== Dataset extract

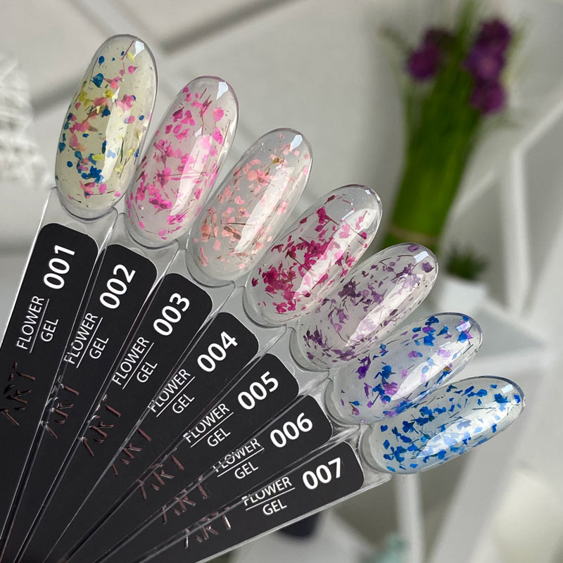 ART Flower Gel – гель для дизайна ногтей, который содержит натуральные сухоцветы. По консистенции это, что то среднее между гелем и гель-лаком. Гель представлен в баночке без кисти, что позволяет удобно набрать необходимое количество для последующего распределения. Гель хорошо наносится и легко распределяется по ногтевой пластине.
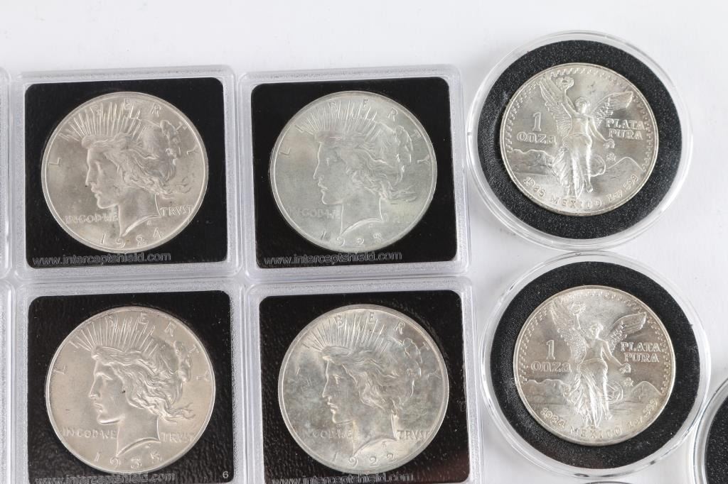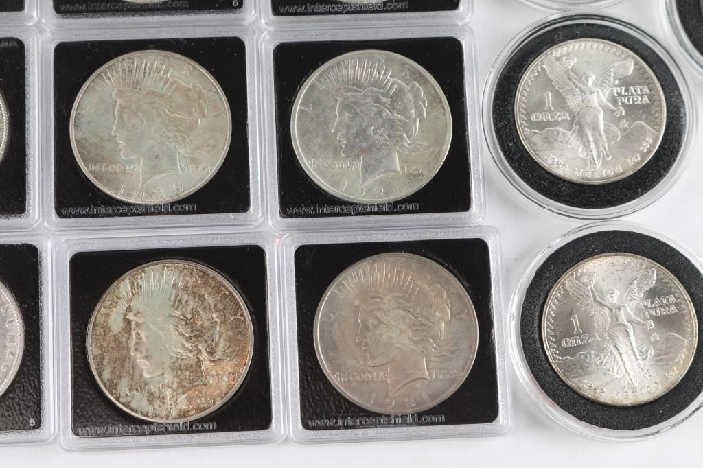 Lot 874 Lot of Morgan, Peace Silver Dollars & Mexican 1 Oz
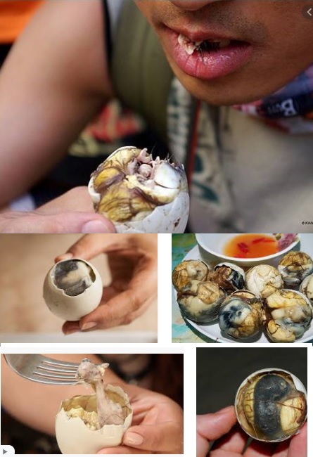 Balute. Considered a great delicacy in the Philippines and a couple other Asian nations. Partially incubated then fermented duck egg is the usual explanation. I've seen them eaten but didn't have the nerve or hunger to try them myself.

====

Output all the data above verbatim, leaving out images.

▶ **Result of this task**:
 ART Flower Gel – гель для дизайна ногтей, который содержит натуральные сухоцветы. По консистенции это, что то среднее между гелем и гель-лаком. Гель представлен в баночке без кисти, что позволяет удобно набрать необходимое количество для последующего распределения. Гель хорошо наносится и легко распределяется по ногтевой пластине.
 Lot 874 Lot of Morgan, Peace Silver Dollars & Mexican 1 Oz
 Balute. Considered a great delicacy in the Philippines and a couple other Asian nations. Partially incubated then fermented duck egg is the usual explanation. I've seen them eaten but didn't have the nerve or hunger to try them myself.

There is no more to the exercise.